In the Hiroshima Peace Memorial Museum, we watched riveting video testimony of people who had survived, looked at personal items left by those who didn’t – tattered clothing, a child’s melted lunchbox, a wristwatch stopped at 8:15 – and saw exhibits that describe Hiroshima before and after the bombings. The museum also documents the development of the atomic bomb and nuclear arms and presents the current status of international efforts to reduce and eliminate the threat of use of such weapons.
The A Bomb Dome is the icon of the devastation. The Hiroshima Prefectural Industrial Promotion Hall, built in  1915, was one of the few buildings to remain somewhat intact. The bomb was detonated 600 m above the Dome close to a T-shaped bridge which was used as the target.

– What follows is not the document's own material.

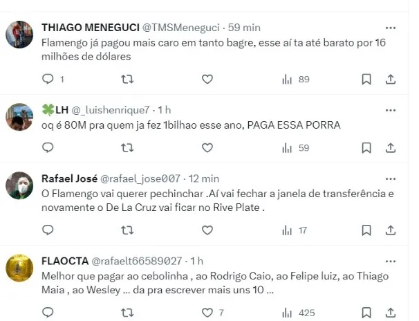 Nesses moldes, a diretoria do Flamengo não deve investir no atleta, ficando realmente nas tratativas de De La Cruz, com o River Plate. Além disso, um outro nome pinta como segunda opção.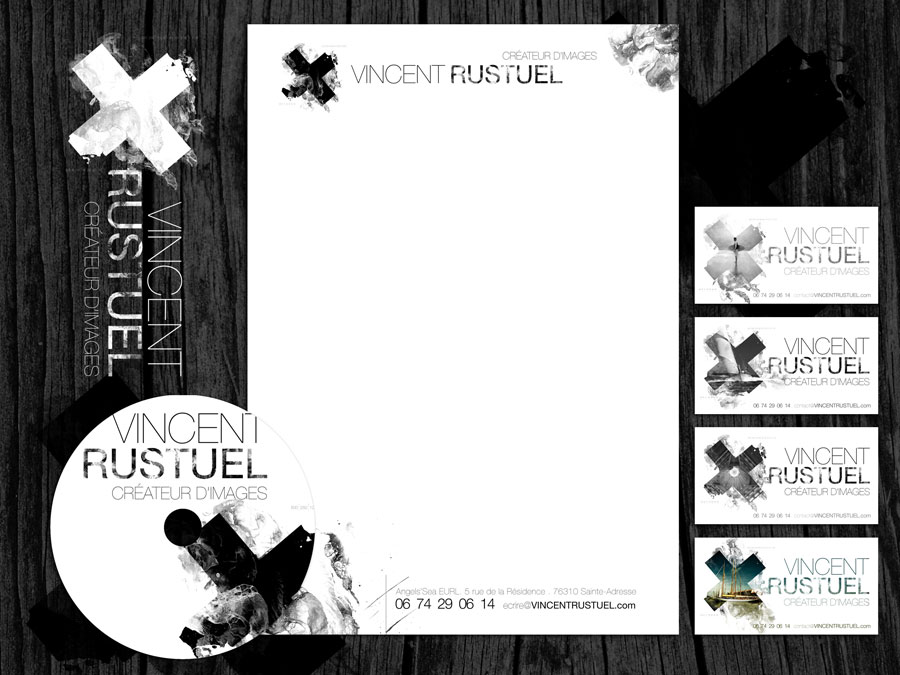 | Vincent Rustuel Vincent Rustuel is an other client that became friend, or friend which became client, I do not remember... he first contacted me some years ago as he liked graphic exchange and send me his photo book... We then develop his graphic language, bsed on my knowledge of his work and photographe personality... A mix of wild spirit and very strict way of work... He likes the idea to have several logos, based on a same one but being able to play with it... |

Three days later, a second bomb was dropped on Nagasaki. Before the bombings, Japan was already developing terms of surrender. People were suffering from the results of fire bombing of major cities with shortages of food and other supplies and evacuation of children to the countryside. In 1946, when the US was occupying Japan, President Truman ordered the establishment of the Atomic Bomb Casualty Commission in Hiroshima, to investigate the after effects of the atomic bomb. A-bomb survivors had high expectations that the Commission would treat their illnesses, but the body only performed examinations and research.
Japanese were again affected when fishers were exposed to radiation from nuclear tests in the Pacific in 1954.